- [Task requirements]:
From the data that follows, print exactly the lines starting at the one containing "优化前:30 分钟测试周期内,丢包率约 17%,平均延时约" and ending at the one containing "Le coffret de"; include both of them and nothing more.

- [Data for review]:
○ ○ ○

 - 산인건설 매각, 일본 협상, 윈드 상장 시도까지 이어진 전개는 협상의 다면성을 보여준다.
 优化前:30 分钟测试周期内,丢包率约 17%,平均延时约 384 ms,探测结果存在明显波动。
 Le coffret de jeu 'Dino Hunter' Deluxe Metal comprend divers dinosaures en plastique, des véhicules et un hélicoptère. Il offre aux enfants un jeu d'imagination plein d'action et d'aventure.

○ ○ ○

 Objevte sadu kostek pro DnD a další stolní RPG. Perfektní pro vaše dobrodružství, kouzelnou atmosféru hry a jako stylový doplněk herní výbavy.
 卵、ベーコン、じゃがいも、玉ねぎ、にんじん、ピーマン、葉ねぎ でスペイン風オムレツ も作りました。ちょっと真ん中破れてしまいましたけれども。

○ ○ ○

- [Solution for this exercise]:
 优化前:30 分钟测试周期内,丢包率约 17%,平均延时约 384 ms,探测结果存在明显波动。
 Le coffret de jeu 'Dino Hunter' Deluxe Metal comprend divers dinosaures en plastique, des véhicules et un hélicoptère. Il offre aux enfants un jeu d'imagination plein d'action et d'aventure.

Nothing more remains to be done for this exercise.